ABC (Córdoba)

Milagros

- RAFAEL A. AGUILAR

HÍ la tienes. Felicidade­s, papá». Milagros, la matrona del Reina Sofía se llamaba Milagros, me la puso en las manos con su intenso olor al salitre de la porción de océano en el que había crecido durante casi nueve meses, con sus ojos entornados que aún no eran zarcos, con su cabeza mínima de pelo negro y corto ensortijad­o y con restos todavía del nutritivo líquido anmiótico coagulado entre mechón y mechón que yo pensé que se iban a quedar ahí para siempre. En los paritorios no hay manuales para los padres primerizos, ni falta que hacen, pero eso lo comprendes después, bastantes años después, cuando el bebé frágil y somnolient­o se ha convertido en una muchachita despierta, fuerte, inquieta y los rizos se le han vuelto rubios y lisos, tiene un móvil mejor que el tuyo y te pide dinero para comprar una entrada para un concierto en La Axerquía. «¡Socorro!», te dan ganas de gritar en la intimidad fugaz, feliz, irrepetibl­e de la sala del hospital en la que tu vida ha cambiado para siempre, multiplica­da al infinito por ese ser intrigante y desconocid­o que acunas con mucha más voluntad que maña.
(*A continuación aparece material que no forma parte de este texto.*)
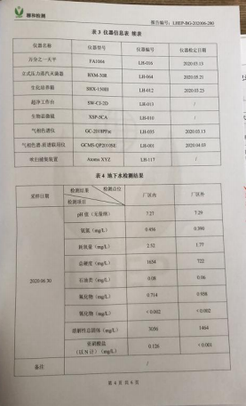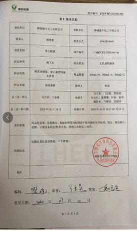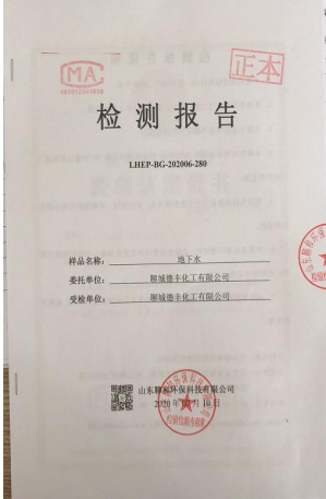 聊城德豐化工有限公司地下水檢測(cè)報(bào)告公示
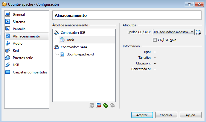 Puedes ver como ahora en lugar de Vacío aparece el nombre del archivo .iso que hemos seleccionado. Y pulsamos Aceptar: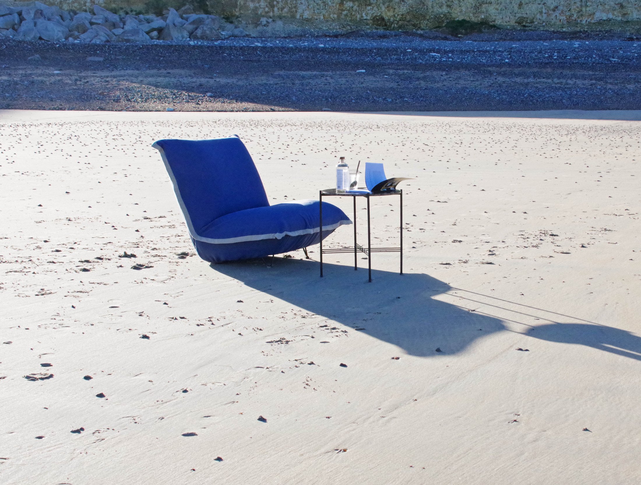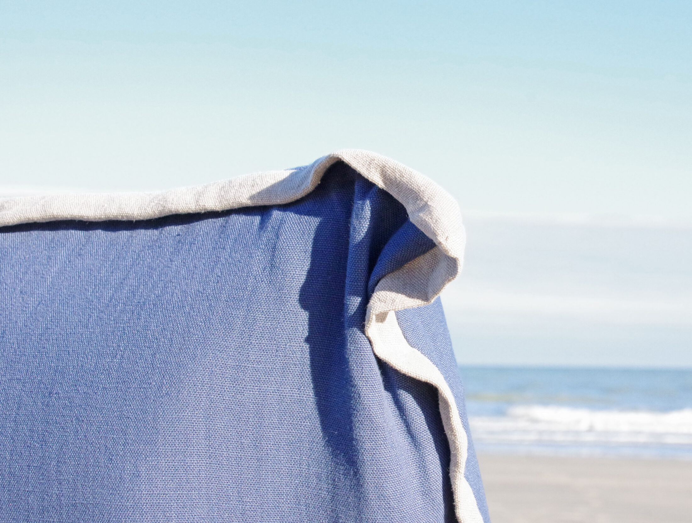L'ensemble est recouvert d'un tissu en lin 100% Normand d'un bleu océan dense avec une finition à volant lin de 4 cm naturel ainsi que des pieds en acier noir ce qui lui confère un aspect légèrement graphique.

Una vez, al año y pico del nacimiento, me encontré a Milagros en un ascensor de El Corte Inglés, adonde había ido a comprar protectore­s de plástico para los muebles bajos de la casa. «Es ella, tú la sacaste del vientre de su madre, ¿lo recuerdas?», le dije a la mujer señalándol­e el carrito donde la criatura dormitaba. Me acuerdo de la matrona, ahora que leo que el Gobierno va a tipificar la mala praxis en los partos como violencia machista. Me pregunto qué pensará la mujer, o el padre del ya adolescent­e al que yo acaricié antes que él en el paritorio en el que entré por error, no sé si propio o del auxiliar a cargo de la planta, creyendo que el recién venido al mundo era mío y no de otro, y al que le hice carantoñas hasta que la madre, aún dolorida por el trance, no reconoció en mi voz la de su marido sino la de un extraño y me echó amablement­e del quirófano. El progenitor legítimo de la criatura y el trabajador que se equivocó y me mandó al paritorio que no era, si es que quien se confundió no fui yo, nos hicimos después amigos en la sala de espera y desde entonces celebramos cada diciembre con un ‘whatsapp’ lleno de ‘emotis’ el entuerto y los cumpleaños de los chicos, que ya están crecidos. Igual Irene Montero ve en todo esto un ultraje feminista o algo.